ML.net error: Could not find input column 'MonthNr,DayNr,roc_1,roc_2
Hello,
This is my first time I am trying to put down code for ML.net and train a model and have encountered a problem that I don't understand.
I have created a SQL database table like below:
CREATE TABLE AAPL1day
(
[INDEX] INT IDENTITY(1,1) PRIMARY KEY,
[DateTime] SMALLDATETIME NOT NULL,
[MonthNr] FLOAT NOT NULL,
[DayNr] FLOAT NOT NULL
[roc_1] FLOAT
[roc_2] FLOAT
[hypo_upordown7days] FLOAT
);
This is the first rows in the database:
- The Feature columns that I am trying to use for training are:
MonthNr, DayNr, roc_1, roc_2
- The Hypothes column or Target column is the below for which I am trying to make predictions:, hypo_upordown7days
I have now for my first time trying to put down the code in order to train and predict with below code.

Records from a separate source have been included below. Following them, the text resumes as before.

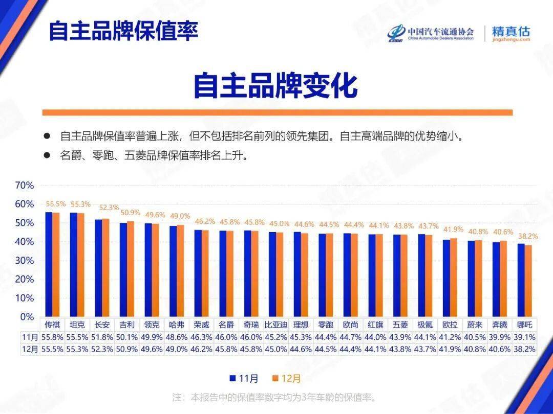 2026年1月5日,中國汽車流通協會和精真估聯合發布了《2025年12月中國汽車保值率研究報告》。通過保值率研究旨在反映品牌的產品力、認知度、美譽度等綜合實力,對未來開展回購、置換、租賃、金融、新車定價參考等相關業務提供重要數據參考,從而降低業務風險,提升經營效率。
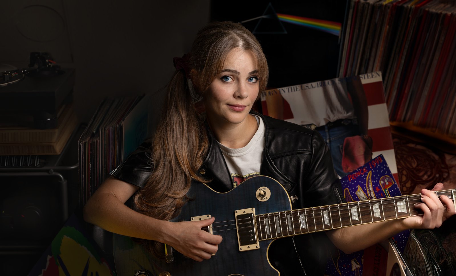 This captivating portrait beautifully captures the essence of a musician in her element, surrounded by the rich history of recorded music. The subject holds a classic Gibson Les Paul guitar - you can tell by the distinctive single-cutaway body shape, the cream-colored pickup rings, and that iconic gold hardware that Les Pauls are famous for. The guitar's dark finish contrasts elegantly with the silver accents, creating a timeless, professional look. What makes this image particularly striking is the setting - she's positioned among towering stacks of vinyl records that create a warm, nostalgic backdrop. The records suggest a deep appreciation for music history and analog sound, while her leather jacket adds a rock-and-roll edge that perfectly complements the Les Paul in her hands. The lighting is expertly handled, creating a moody atmosphere that highlights both her focused expression and the guitar's beautiful finish. The composition tells a story about the connection between past and present in music - the vintage vinyl collection representing decades of musical heritage, while the Les Paul (a guitar that's been a cornerstone of rock music since the 1950s) bridges that history with contemporary artistry. It's a perfect contest entry that celebrates both the instrument and the musical journey it represents.
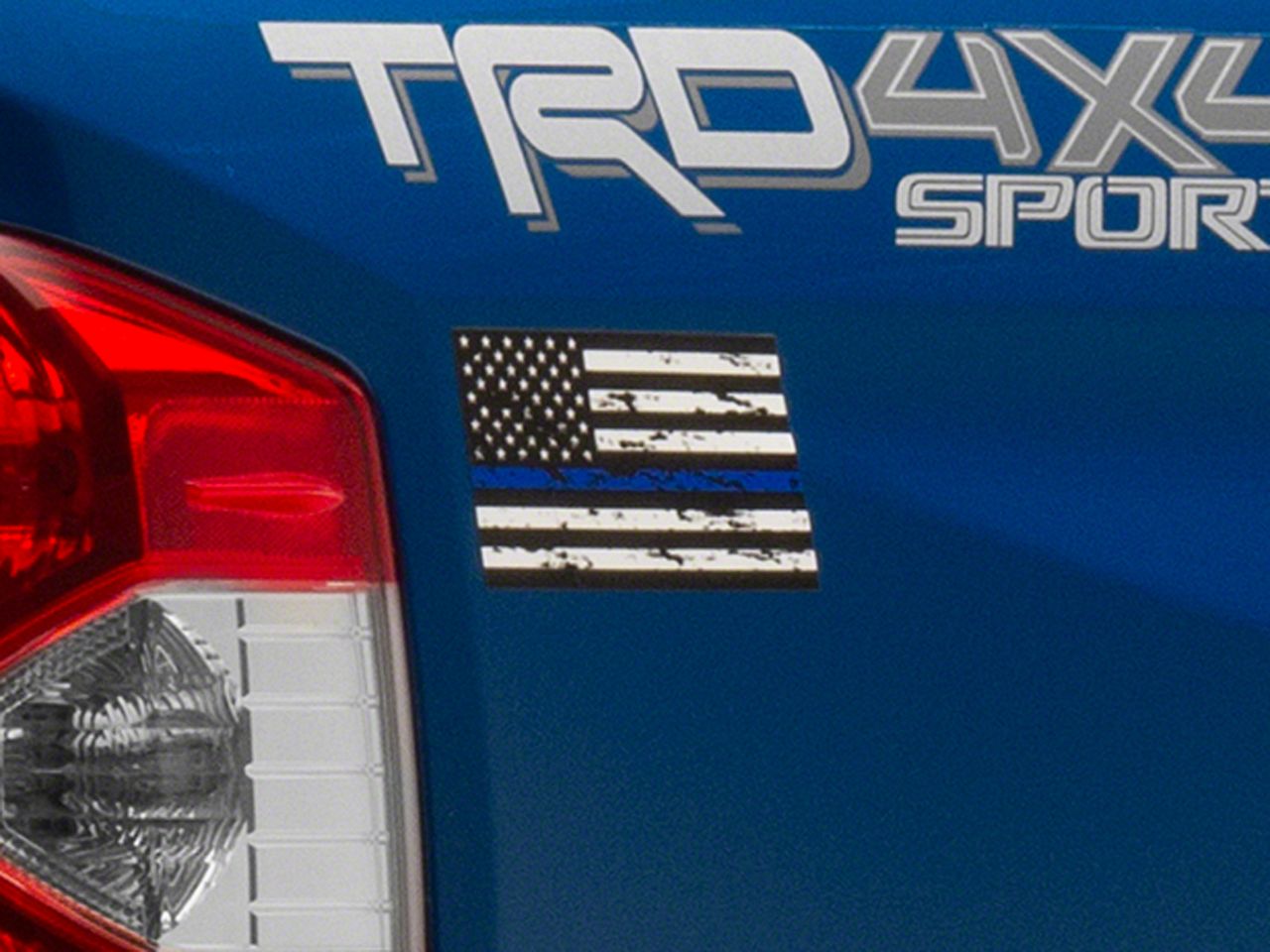 Patriotic Styling. A set of SEC10 Small Distressed Flag Decals are the perfect way to give your ride the exciting patriotic styling it's been lacking. Also notable is the blue line that serves as one of the flag's stripes to show support for the men and women of the United States law enforcement agency's.
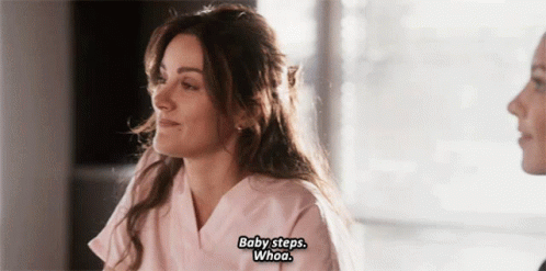 Carina Deluca, played by Stefania Spampinato, says 'Baby steps. Whoa.' in a scene from Station19.
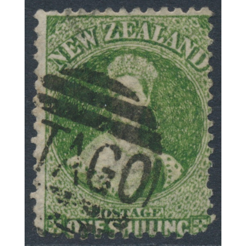 NEW ZEALAND / N.Z. / NZ 1864 1/- green Queen Victoria Chalon, perf. 12½:12½, large star watermark, used – no thins, tears or bends. SG Cat. # 124 CP Cat. # A6m(1)
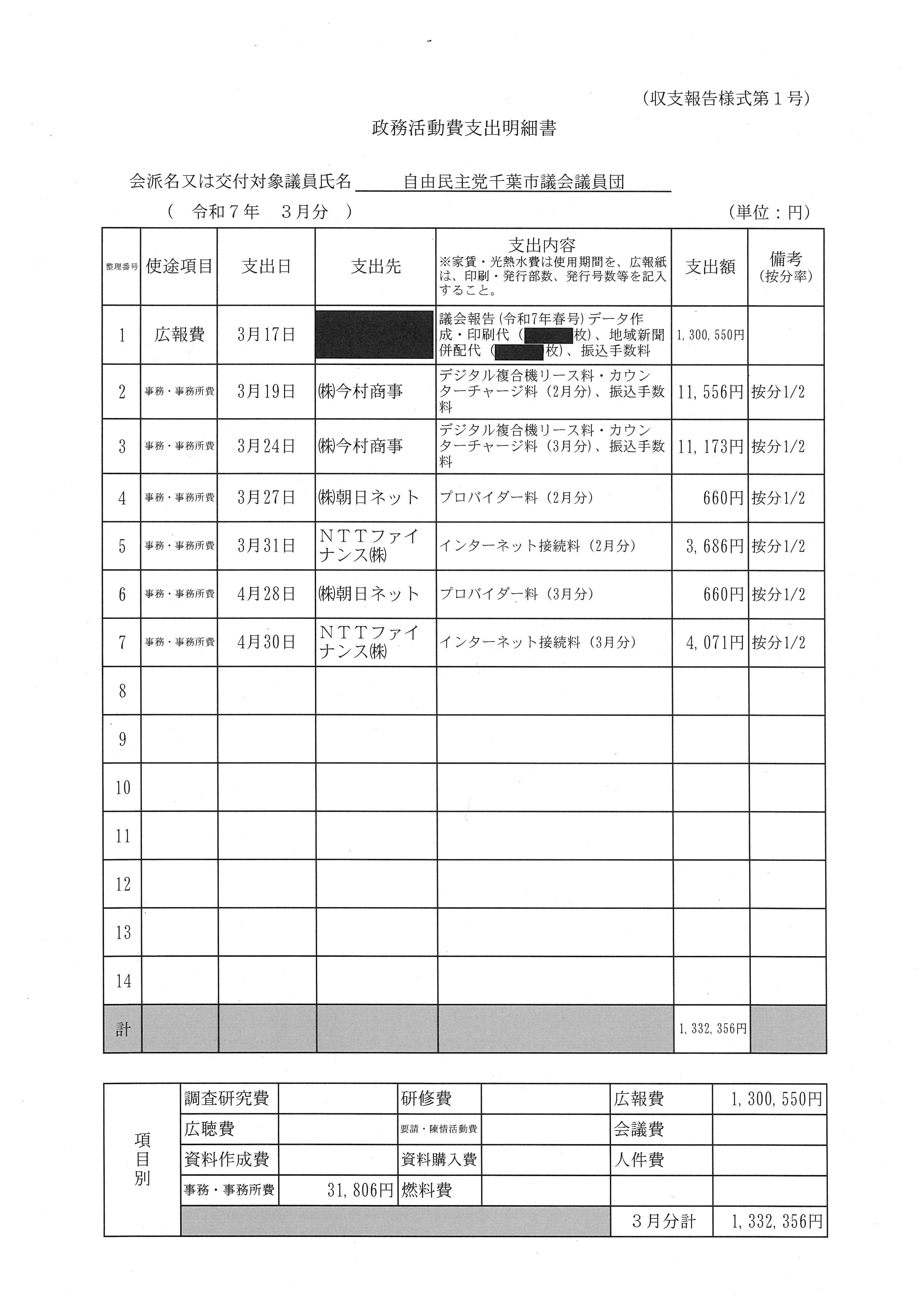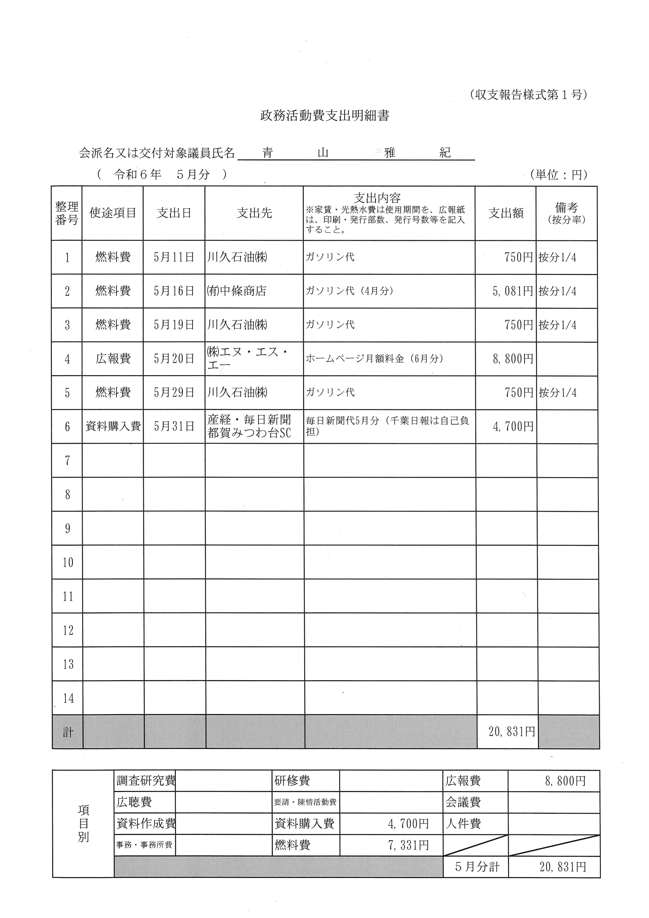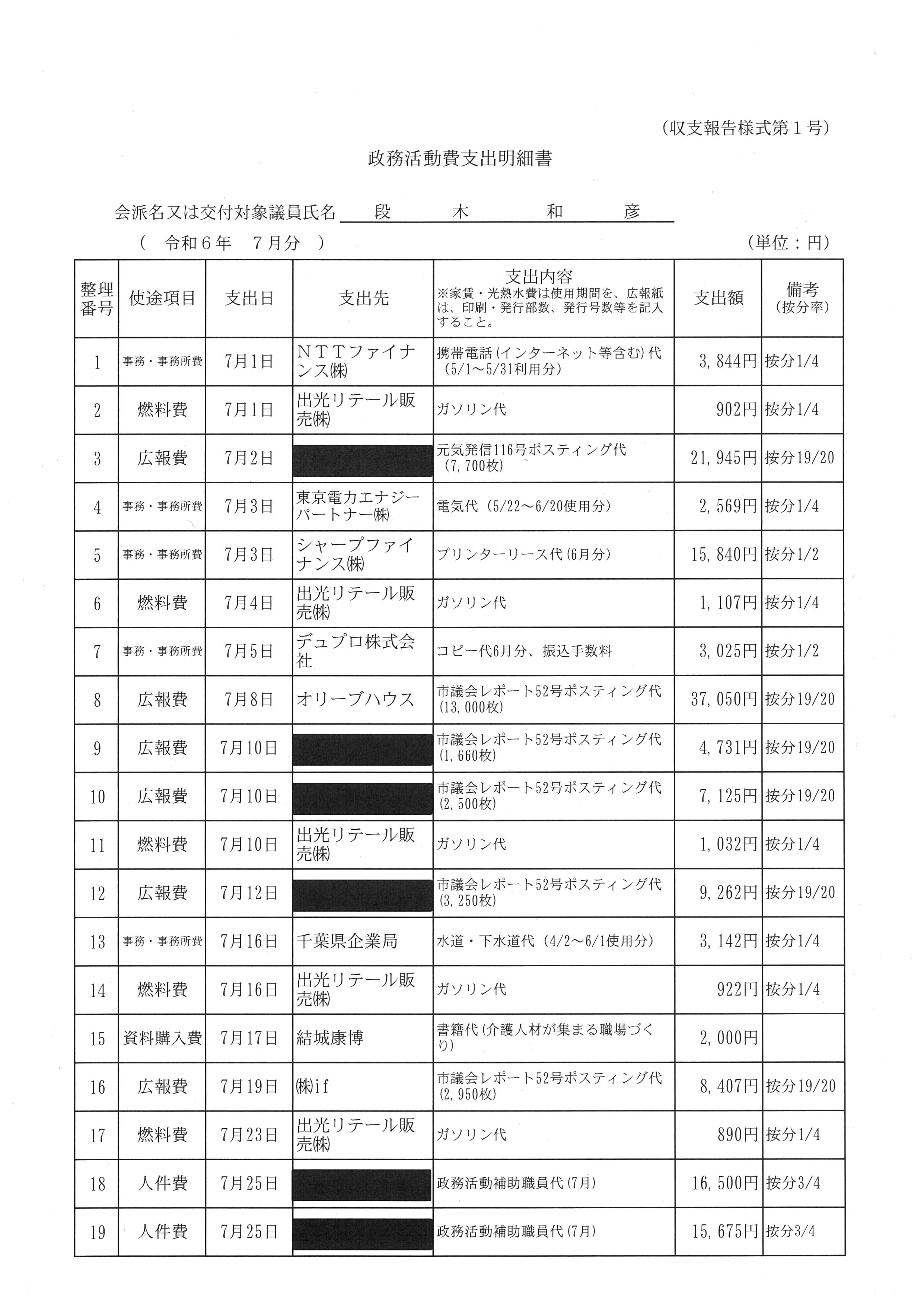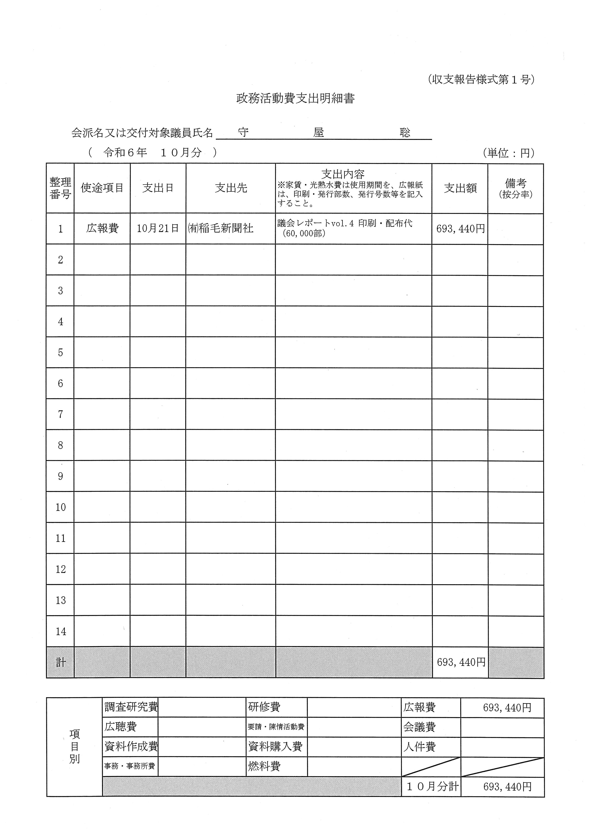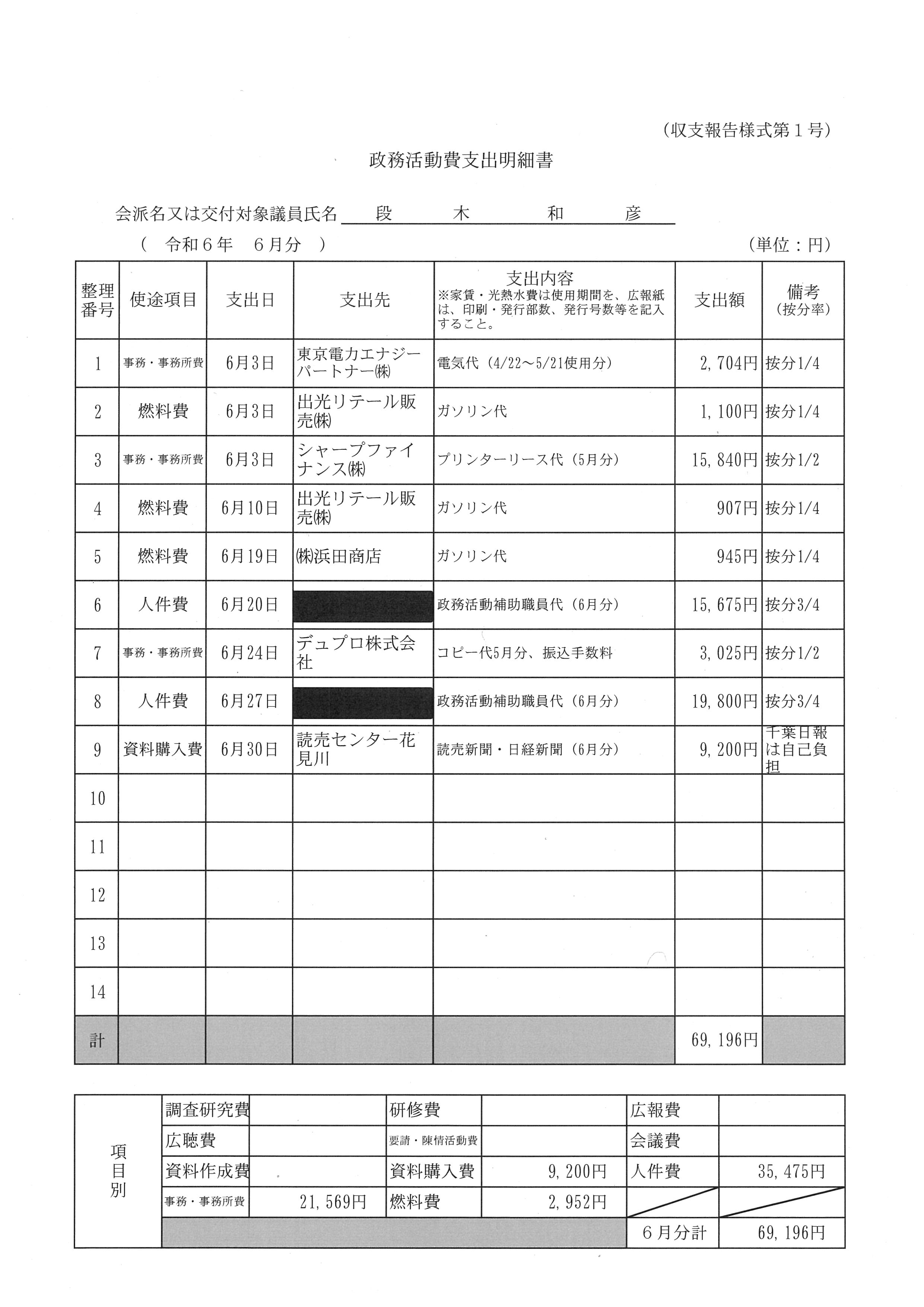 千葉市議会トップページ > 広報・情報公開 > 政務活動費 > 令和6年度交付分(政務活動費収支報告書)

But I do get this error on the line: var model = pipeline.Fit(split.TrainSet);
"System.ArgumentOutOfRangeException: 'Could not find input column 'MonthNr,DayNr,roc_1,roc_2'
Parameter name: inputSchema'"
Below is my complete code for what I don't understand where the problem is?
[code]
void trainModel()
{
// Set up MLContext
var mlContext = new MLContext();
// Define database connection parameters
string databaseName = "AAPL";
string connectionString = "Server=localhost;Database=" + databaseName + ";Trusted_Connection=True;";
var tableName = "AAPL_1day";
// Get the column names from the database table
var columnNames = GetColumnNamesFromDatabaseTable(connectionString, tableName);
// Generate the list of column conditions for IS NOT NULL
var columnConditions = columnNames.Select(column => $"{column} IS NOT NULL");
// Create the SELECT query with the column conditions
var query = $"SELECT * FROM {tableName} WHERE {string.Join(" AND ", columnConditions)}";
// Create the database source with the dynamically generated query
var databaseSource = new DatabaseSource(SqlClientFactory.Instance, connectionString, query);
// Load the data from the database
var loader = mlContext.Data.CreateDatabaseLoader<AAPLData>();
var dataView = loader.Load(databaseSource);
// Split the data into train and test sets
var split = mlContext.Data.TrainTestSplit(dataView, testFraction: 0.35);
// Exclude columns with specific names and include columns with "hypo" substring
var includedColumns = columnNames
.Where(columnName => (!columnName.Equals("INDEX", StringComparison.OrdinalIgnoreCase) &&
!columnName.Equals("DateTime", StringComparison.OrdinalIgnoreCase)) ||
columnName == "hypo_upordown7days");
// Define the data pipeline
var pipeline = mlContext.Transforms.Conversion.MapValueToKey("hypo_upordown7days")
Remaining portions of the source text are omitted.